Records provided:
..........
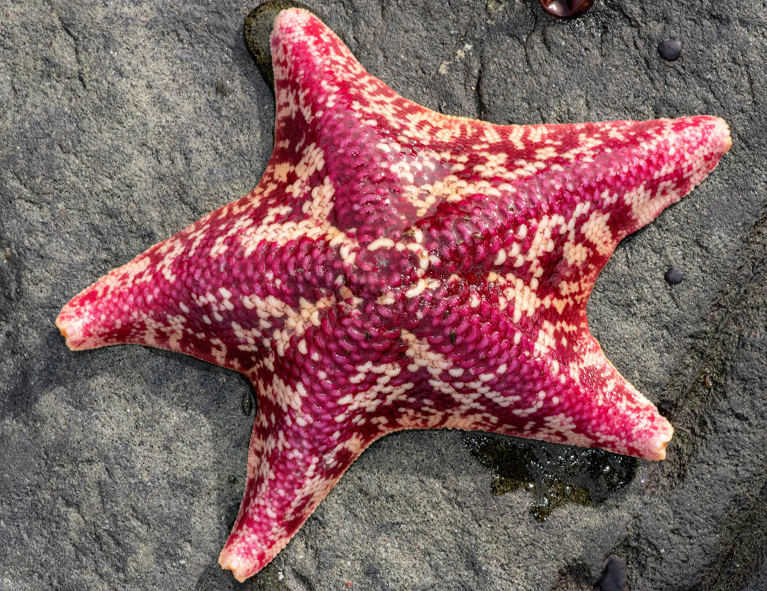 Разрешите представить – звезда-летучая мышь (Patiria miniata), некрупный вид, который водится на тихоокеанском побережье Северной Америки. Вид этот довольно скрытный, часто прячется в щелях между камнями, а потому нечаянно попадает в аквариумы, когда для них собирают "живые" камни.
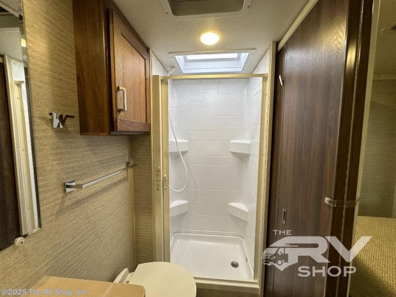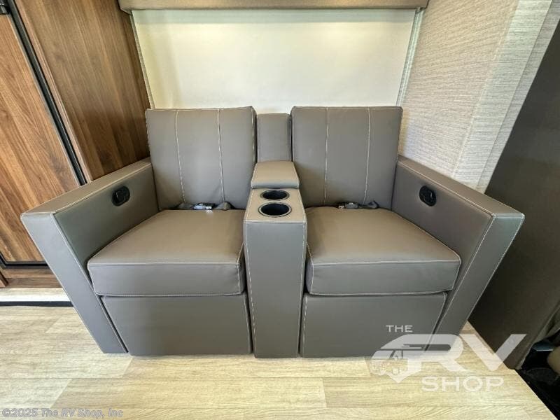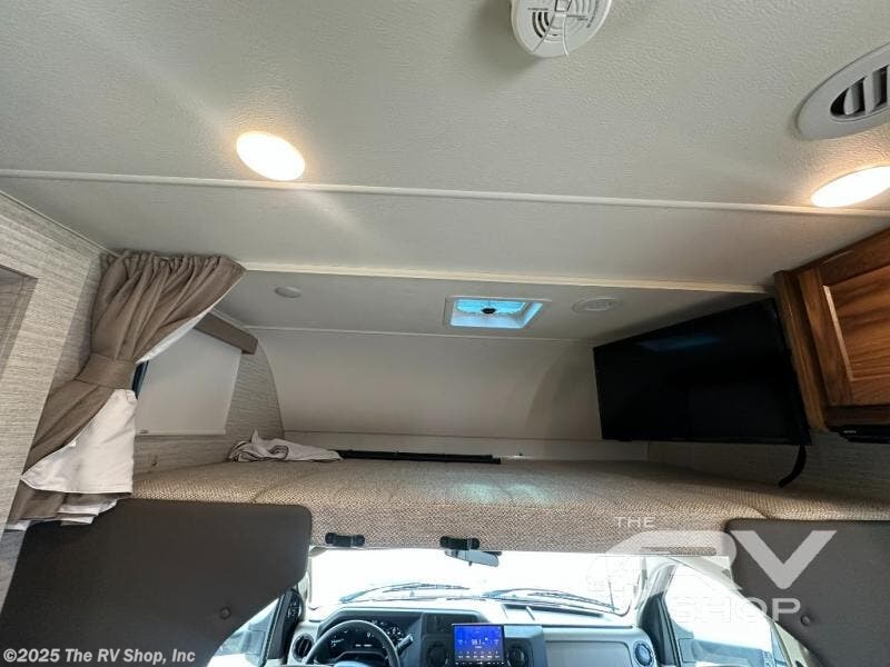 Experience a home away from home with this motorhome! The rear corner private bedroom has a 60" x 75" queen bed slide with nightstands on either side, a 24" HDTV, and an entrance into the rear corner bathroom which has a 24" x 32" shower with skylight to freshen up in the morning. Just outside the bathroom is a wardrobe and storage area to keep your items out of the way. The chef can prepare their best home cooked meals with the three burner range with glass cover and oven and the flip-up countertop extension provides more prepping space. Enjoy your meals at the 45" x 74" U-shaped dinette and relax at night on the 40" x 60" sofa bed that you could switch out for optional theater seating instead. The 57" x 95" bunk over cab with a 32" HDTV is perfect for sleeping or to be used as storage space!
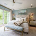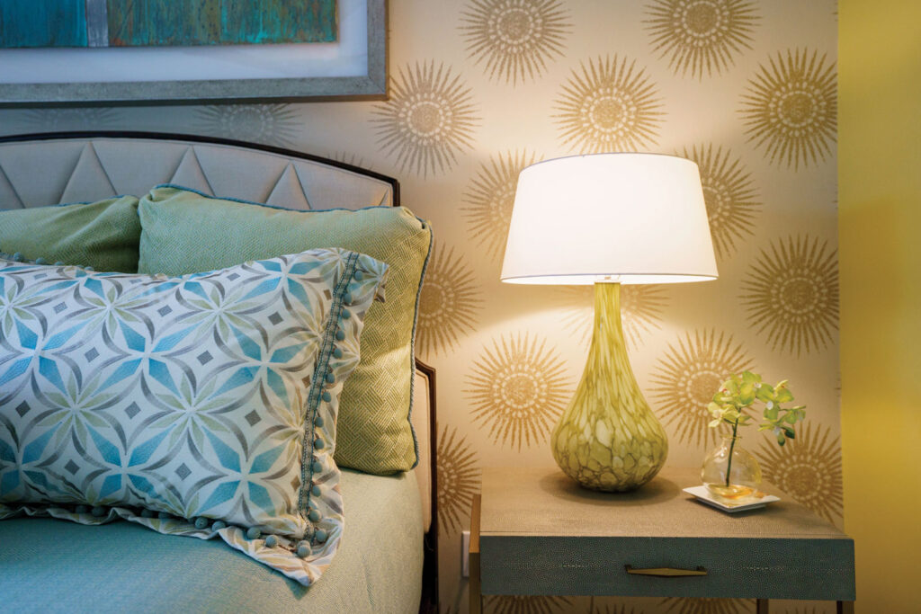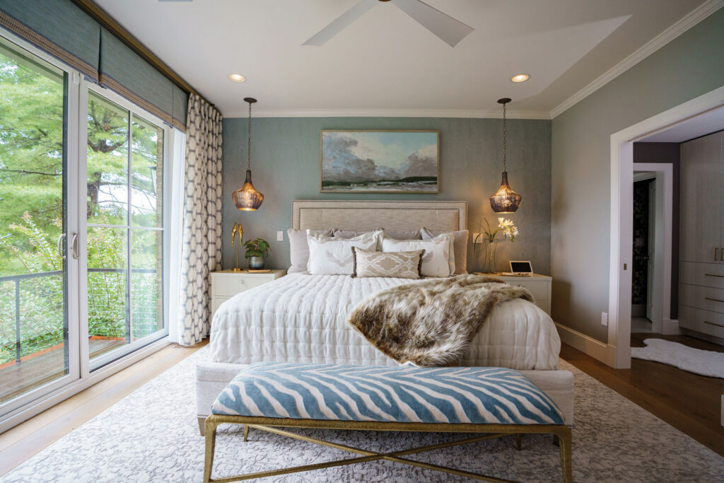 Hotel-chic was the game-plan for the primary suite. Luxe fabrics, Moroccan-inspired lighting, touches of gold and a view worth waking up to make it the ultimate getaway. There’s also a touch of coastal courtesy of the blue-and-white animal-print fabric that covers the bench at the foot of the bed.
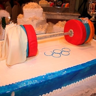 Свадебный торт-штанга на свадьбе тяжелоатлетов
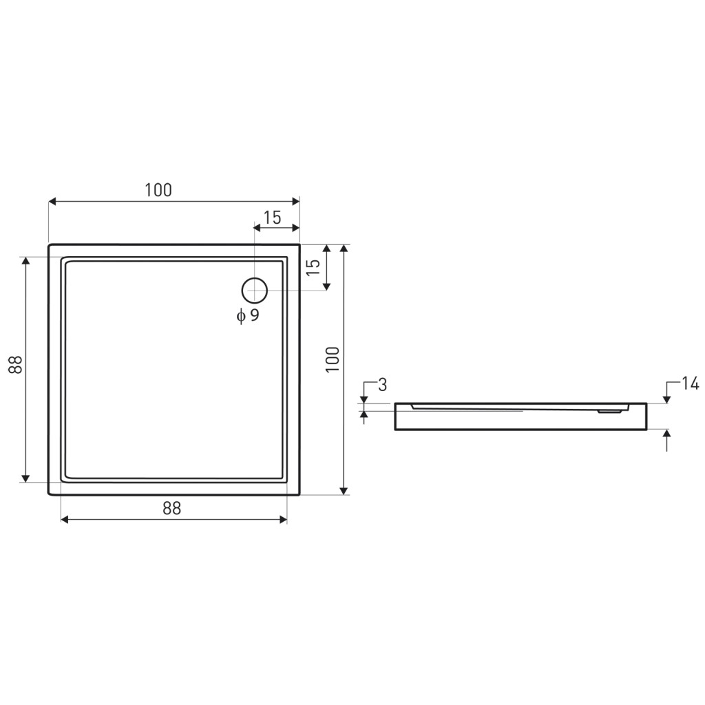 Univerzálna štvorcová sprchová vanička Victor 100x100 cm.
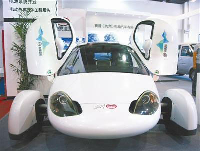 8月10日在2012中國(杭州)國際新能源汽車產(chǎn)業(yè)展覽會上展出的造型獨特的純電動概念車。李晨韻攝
..........
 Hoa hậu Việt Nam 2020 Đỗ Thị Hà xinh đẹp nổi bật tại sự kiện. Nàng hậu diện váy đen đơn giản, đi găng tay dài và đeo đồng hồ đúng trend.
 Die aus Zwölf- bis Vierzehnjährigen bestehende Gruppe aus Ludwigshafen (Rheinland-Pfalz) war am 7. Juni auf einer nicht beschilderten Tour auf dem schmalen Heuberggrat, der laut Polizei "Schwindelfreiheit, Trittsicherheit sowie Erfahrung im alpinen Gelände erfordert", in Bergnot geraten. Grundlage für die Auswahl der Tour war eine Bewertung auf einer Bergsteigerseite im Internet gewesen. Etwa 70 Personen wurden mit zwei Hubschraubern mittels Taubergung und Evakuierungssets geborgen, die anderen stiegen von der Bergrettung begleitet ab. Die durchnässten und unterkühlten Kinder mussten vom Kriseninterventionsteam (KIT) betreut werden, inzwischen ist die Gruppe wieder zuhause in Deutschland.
..........
The problem: Give again, exactly as written above, every line from the one holding "Univerzálna štvorcová sprchová" to the one holding "8月10日在2012中國(杭", with both ends kept and the pictures left out.

Result for this task:
 Univerzálna štvorcová sprchová vanička Victor 100x100 cm.
 8月10日在2012中國(杭州)國際新能源汽車產(chǎn)業(yè)展覽會上展出的造型獨特的純電動概念車。李晨韻攝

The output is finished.